October 28, 2011: A Islamist militant gunman from Serbia fired on the US embassy (using an AK-47) in Bosnia, Sarajevo. One Bosnian policeman was wounded in the terror attack, but no one in the US embassy was hurt. A Bosnian police sniper shot and wounded the terrorist, who was identified as Mevlid Jasarevic. He is from the Serb town of Novi Pazar, which is a predominantly Muslim area. Terror attacks in Sarajevo inevitably recall the assassination of Austro-Hungary’s archduke in 1914. That assassination was carried out by a Serb nationalist. It was the spark that ignited World War One.
October 24, 2011: Criminal investigators in Kosovo have discovered a niche where Kosovars and Serbians are cooperating: smuggling. This really isn’t news per se. Balkan smuggling gangs don’t pay much attention to religion and ethnicity when it comes to moving product. In this case the product the Kosovo and Serb gangs are moving is petroleum products (fuel, mostly). Investigators estimate that the gangs are raking in ninety to one hundred million dollars a year. That’s a lot of money, but especially a lot of money in Kosovo and southern Serbia. Peacekeepers and local police believe the gangs have helped foment some of the demonstrations on the Kosovo-Serbia border, specifically those involving the occupation or destruction of border and customs check points. The gangs buy or steal fuel in Serbia, smuggle it into Kosovo, where it is sold.

Meanwhile, Albania and Kosovo have agreed to share consular services in foreign countries as a means of saving money.  The Albanians believe there are other areas where both nations could cut budgetary costs by reaching similar agreements. The political perception in Serbia, however, is that this is another indication that Albania still seeks to create Greater Albania. Greater Albania would include parts of Montenegro, Macedonia, northern Greece, and of course, Kosovo.

October 23, 2011: A 7.2 magnitude earthquake struck eastern Turkey, causing much death and destruction.

October 19, 2011: Unrest related to the government’s austerity budget and the on-going European Union financial crisis continues in Greece, where 70,000 people demonstrated in Athens against budget cuts. Angry Greeks are expressing increasingly anti-German sentiments, and media are reporting that the Greek protestors often refer to the Germans as Nazis. That noted, Greece is in a terrible financial crisis and only Germany has the wherewithal to bail it out.

It’s easier for the Greek unions to be mad at the Germans than their own government, but they don’t like the Greek government either. The Greek government is considering firing 30,000 state workers in order to meet its 2012 budget goals and begin reducing its debt burden. The problem developed over the last decade, as Greek politicians lied to the EU about their finances, and borrowed billions from EU banks to finance voter friendly programs (government jobs and generous pensions) that kept them in office. Many of the loans were hidden from EU auditors and amounted to massive, government backed fraud. Greek politicians, and many Greeks, refuse to accept responsibility for this and prefer to blame foreigners.

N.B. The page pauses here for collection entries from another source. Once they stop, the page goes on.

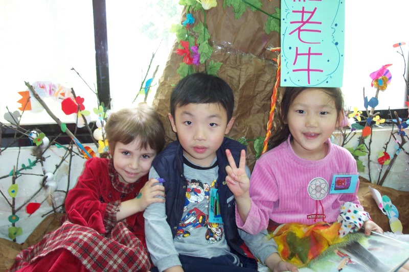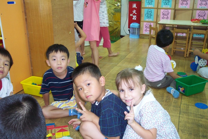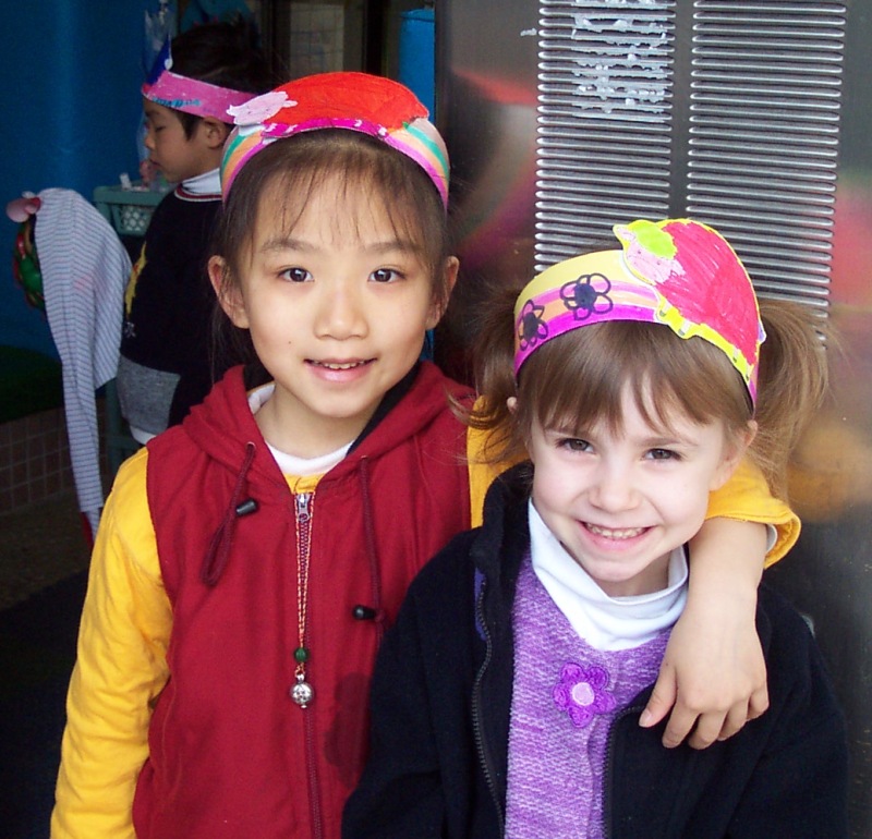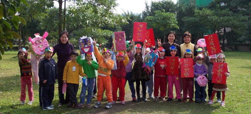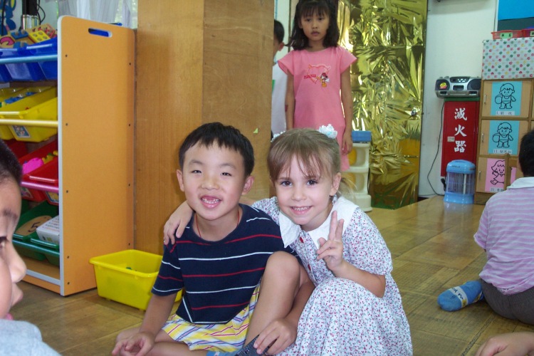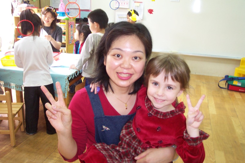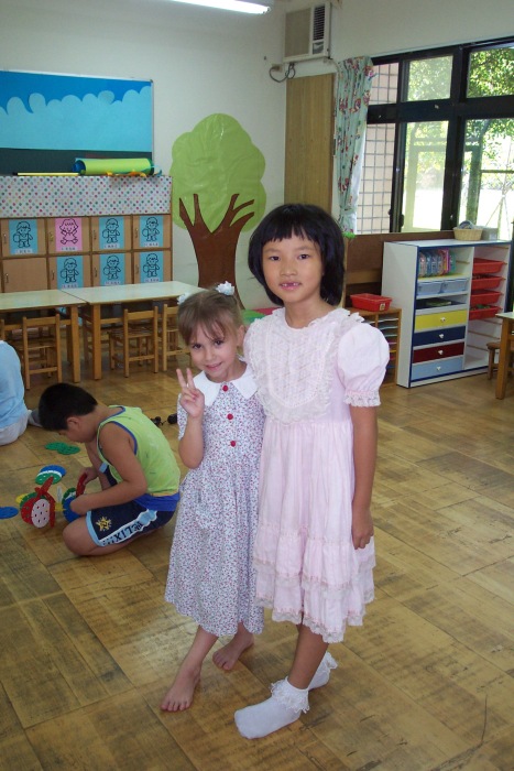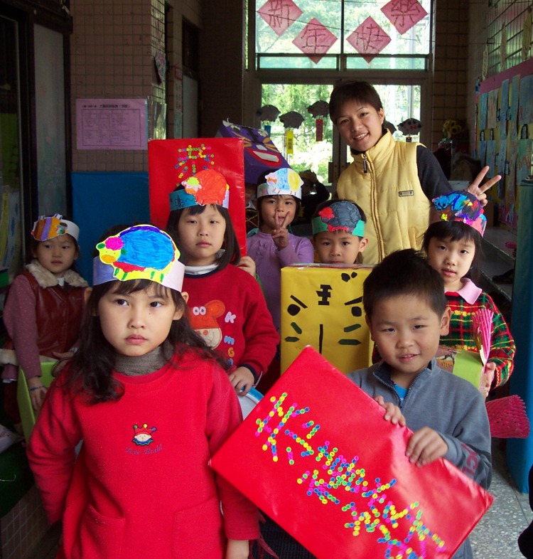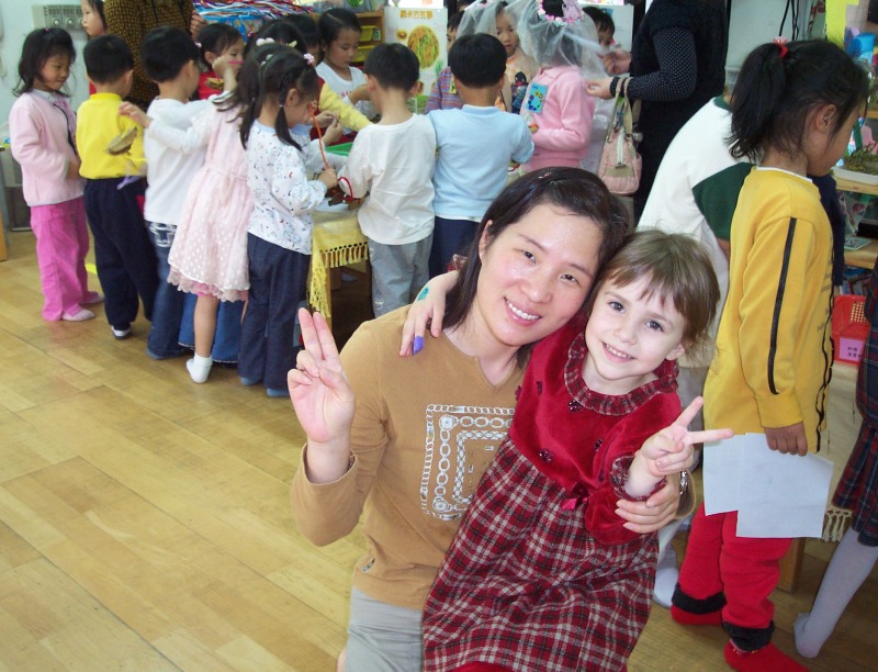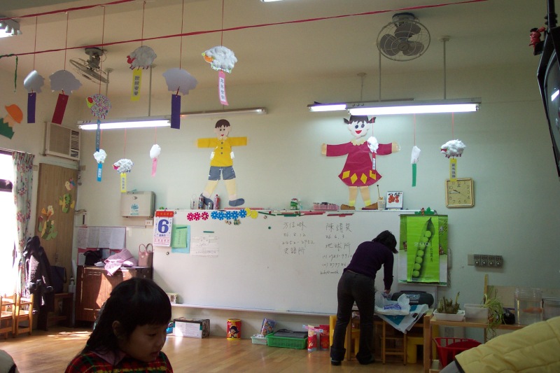 TeachersThe Chinese word for teacher is laoshi. Students call their teachers by their family name plus laoshi. Clara's teachers are He Laoshi and Zhang Laoshi. Clara's ClassmatesClara's class has about thirty students and two teachers. This is the standard size for a 5-year-old kindergarten class in Taiwan. Nearly all of her classmates are Chinese-speaking Taiwanese children. Since Academia Sinica is an internationally-known research institute, a few of her classmates have lived abroad and know a little English. She also has a Russian classmate, who hardly knows any English at all ... but she speaks beautiful Chinese! Clara's ClassEach class has a name: the "White Cloud" class, the "Star" class, and the "Sunshine" class, which is Clara's. Holidays and Special Events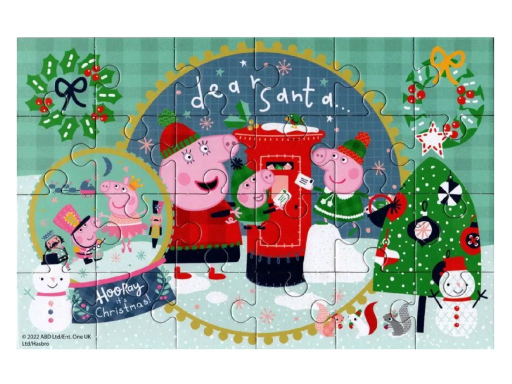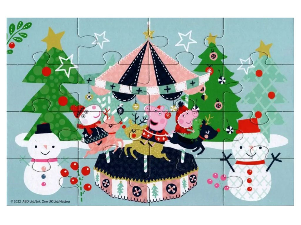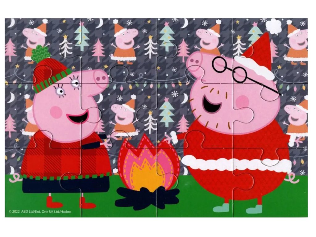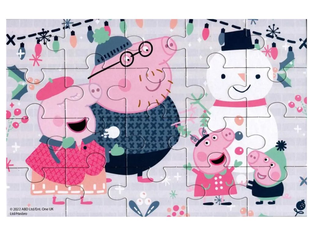 Dětské puzzle 4v1 PRASÁTKO PEPPA se sněhulákem, 19x29 cm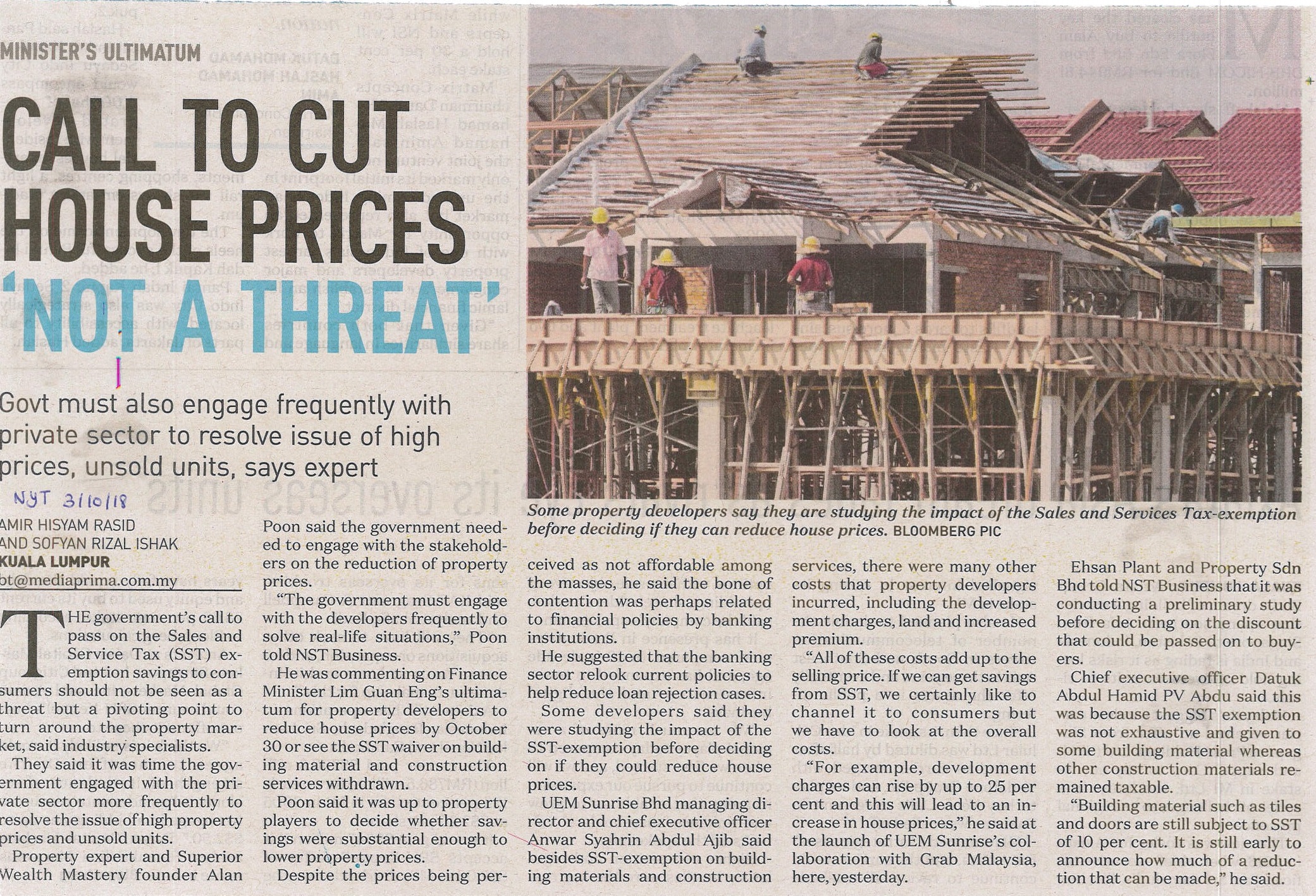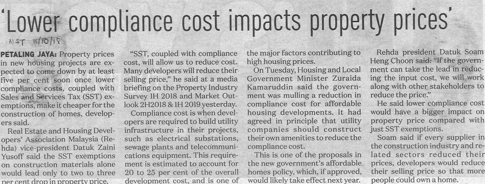 New Straits Times - Lower Compliance Cost Impacts Property Prices |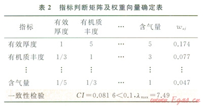 根據(jù)前述選取的指標(biāo)體系,通過調(diào)查專家意見,并參考專家以前在頁(yè)巖氣選區(qū)時(shí)賦予指標(biāo)不同的權(quán)重值,計(jì)算了各個(gè)指標(biāo)的權(quán)重。建立指標(biāo)兩兩判斷矩陣,計(jì)算最大特征值并檢驗(yàn)判斷矩陣的一致性(2)。驗(yàn)證結(jié)果表明:矩陣具有滿意的一致性,層次分析法得到的指標(biāo)權(quán)重為:waj(0.174,0.0770.105,0.313,0.206,0.079,0.047)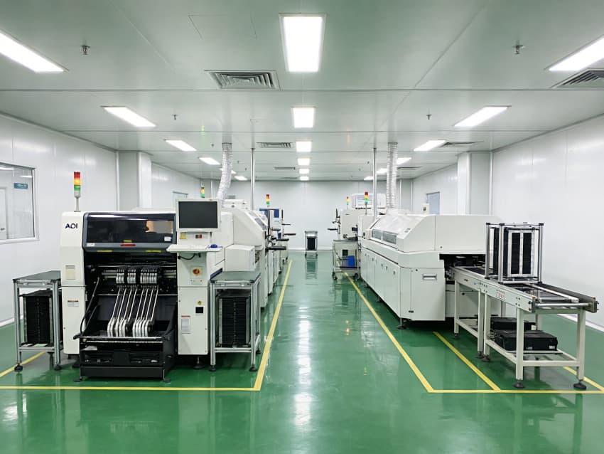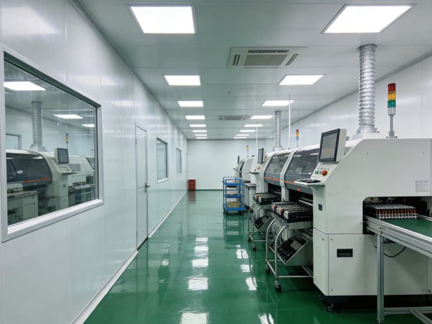 SMT 核心生產(chǎn)區(qū):針對高速貼片機(jī)、回流焊等設(shè)備做了地面承重加固與管線預(yù)埋,配置伸縮式通風(fēng)除塵管道,及時(shí)收集焊煙與粉塵;防靜電工作臺(tái)搭配 LED 工位燈,保障貼片、焊接的精度與效率。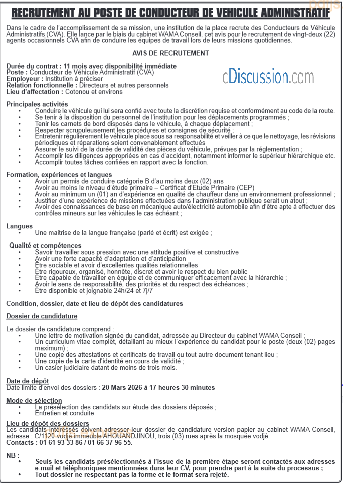RECRUTEMENT DES CONDUCTEURS DE VEHICULES ADMINISTRATIFS(CVA)

October 17, 2011: Macedonia has cancelled its census. Accusations of falsified data haunted the 2002 census and the same accusations are being made in 2011. Macedonian Albanians claim that they are under-counted. Macedonia Slavs claim that Macedonian Albanians are over-counted.  The Macedonian parliament seems to have decided it’s better to not ask rather than exacerbate ethnic tensions.

October 14, 2011: Every year the European Union evaluates Turkish compliance with EU requirements for admission. The year the EU report focused on threats by the Turkish government to freedom of expression, treatment of minorities in Turkey (particularly the Kurds), and what it described as Turkey’s intransigence on the problem of divided Cyprus.  The Turkish government rejected the criticisms. The Turkish position is that the criticism is simply a political mask for France and Germany’s opposition to Turkish membership.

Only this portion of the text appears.